Нонна дернула плечом:

– У нас тут тоже как Вы-интеллигентная женщина, приходит к сыну и алкоголь ему таскает. Он уже несколько раз напивался. Срок лечения сыну продлевает, чтобы подольше домой не возвращался, не бил ее.

Мама пораженно застыла. Да и я немного опешил. Интересно как люди живут, оказывается!

– Ну, хорошо, тогда извините, что … – мама не могла подобрать слова, – что…

– Да ничего,– Нонна немного смягчилась и зевнула, прикрывшись ладонью с длинными пунцовыми ногтями.

Мы с мамой снова принялись разглядывать друг друга.

– Мама, тут все как в детском садике,– догадался я, наконец, успокоить маму,– все по часам: подъем, завтрак, процедуры, обед, тихий час, ужин, процедуры, отбой.

– Еще прогулка, когда погода позволяет,– включилась в успокаивание мамы и Нонна.

Мама благодарно глянула на нее.

– Кормят хорошо, только майонез привези.

– Майонез нельзя.– отрезала Нонна.

Я уставился на нее:

– А как же за завтраком…– я осекся, поняв что запрещенный майонез был у больных нелегально.

– Значит, отберем у всех майонез.– заключила Нонна.

Мама спохватилась:

– Не надо ни у кого отбирать, а-а-а как Вас по имени-отчеству?

– Нонна Алексеевна,– представилась та.

Ага, все-таки Нонна, значит.

– Нонна Алексеевна, Вы, пожалуйста не отбирайте ни у кого майонез, – просила мама,– ну, это же не наркотик, или тут ваши больные что-то из него?..

– СЭС не позволяет,– ровным голосом пояснила Нонна,– Санитарно-Эпидемиологическая Служба! Список разрешенных продуктов для передач висит вон там,– указала она на стену за мной.

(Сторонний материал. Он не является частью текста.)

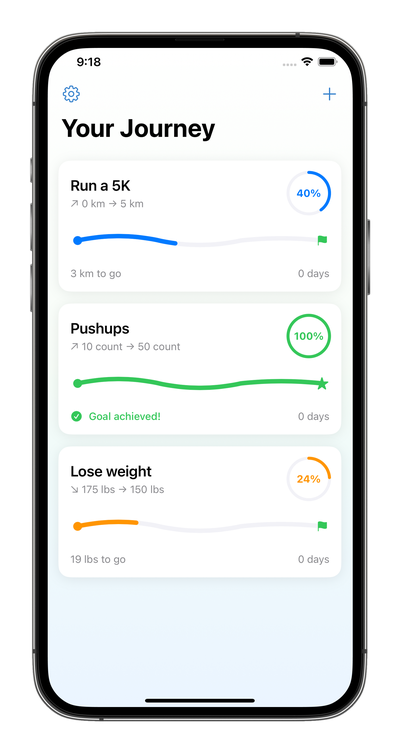 Set your starting point and target, then log your progress as you go. The journey path fills in as you get closer to your goal, changing from orange to blue to green as you progress.
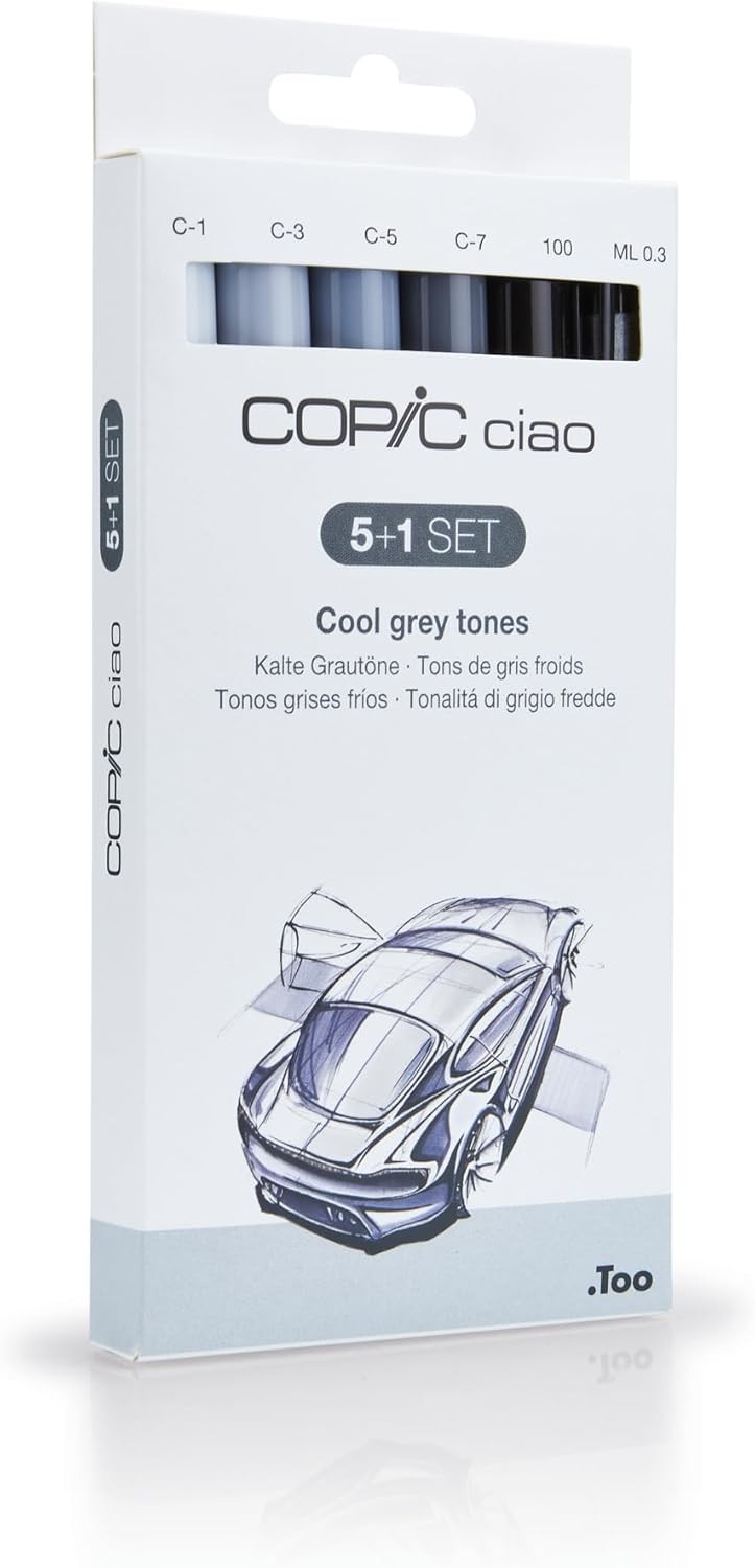 COPIC Ciao Coloured Marker Pen - 5+1 Set Grey Tones, For Art & Crafts,...

Потом подумала и закончила неожиданным:

– Да привозите, только в тетрадку его заносить не будем.

“Это как-то не по-кафкиански, это вообще “Анти-Кафка” получается”,– недоумевал я не от неумолимости предписаний и инструкций, а от того, как легко монументальная Нонна отказалась от одного из них!

– Спасибо, Нонна Алексеевна!– благодарно прижала руки к груди мама и снова обратилась ко мне,– Ну, рассказывай, что тут? Кто с тобой в палате? Туалет в палате есть? Или вас открывают ночью, если в туалет захочется?

– Да тут и дверей нет в палатах, в туалет когда хочешь идешь.

– Туалет один на всех как в больнице? Ты там долго не сиди с книжкой, как дома,– при Нонне мне стало немного не по себе от таких подробностей.

– Да тут не засидишься, кабинок нет, просто унитазы в ряд.

Мама возмущенно оборотилась к Нонне:

– Как же это? Они на виду у всех так и сидят?

Нонна привычно парировала:

– В армии сидят в рядок и ничего, а тут иначе нельзя: больной не должен оставаться без присмотра. Нарушение безопасности.

– Да что за нарушение то?

– Без присмотра могут быть попытки самоубийства, драки,– Нонна хотела еще что-то добавить, но пощадила маму,– в общем, все ради безопасности больных.

Мама согласно покивала головой и продолжила:

– Илья, а как тут санитары-не слишком строгие?

Я усмехнулся:

– Да я не видел пока никаких санитаров, одни бабушки как наша соседка Раиса Петровна. Санитарки.

Мама вопросительно посмотрела на Нонну.

– Нет у нас никаких санитаров, это только в кино их показывают. Может, только у вас в Москве есть санитары в психбольницах. А у нас иногда в других отделениях бывают санитары, да и то-это местные алкаши, поработают две недели-и в запой. И их увольняют.

Мне все больше казалось, что мы собрались здесь, чтобы поговорить втроем, и мама с Нонной как старые подруги по работе обсуждают мое поведение и условия проживания в детском лагере отдыха. Нонне, видимо, подумалось то же, потому что она немного отвернулась, показывая, что не намерена более участвовать в общей беседе. Мама спохватилась:

– Илья, а больные здесь как себя ведут? Наверно, с утра до вечера кричат и дерутся?

– Нет, мам. Все спокойно, все занимаются своими делами, мне доктор разрешил книги брать-тут отличная библиотека, книг много, почти как у нас дома.

Мама обрадовалась:

– Илья, ты читай побольше, ты раньше так много читал, пока не связался с твоими Венькой и Левой,– мама снова обратилась к Нонне, стараясь представить ей меня в лучшем свете как старой школьной подруге,– ведь он такой домашний был, в школе никогда не хулиганил, не дерзил, с отцом только отношения натянутые. Даже не знаю, как он мог…

Нонна снова смягчилась:

– Да читает пусть на здоровье сколько хочет, мы только “за”! Вот из надзорки выпустят, тогда и телевизор сможет смотреть. В положенное время, конечно.

– Надзорка-это где буйные что ли?– встревожилась мама.

– Буйных у нас нет, мы больных лечим при возбуждении-они успокаиваются. В надзорке,..– видимо, она решила, что “надзорка” звучит слишком пугающе,– в наблюдательной палате лежат больные с обострением и за нарушение режима.

Мама как будто успокоилась и снова оглядывала меня.

– А доктор тут тебя осмотрел? Что сказал? Долго тебе тут придется находиться?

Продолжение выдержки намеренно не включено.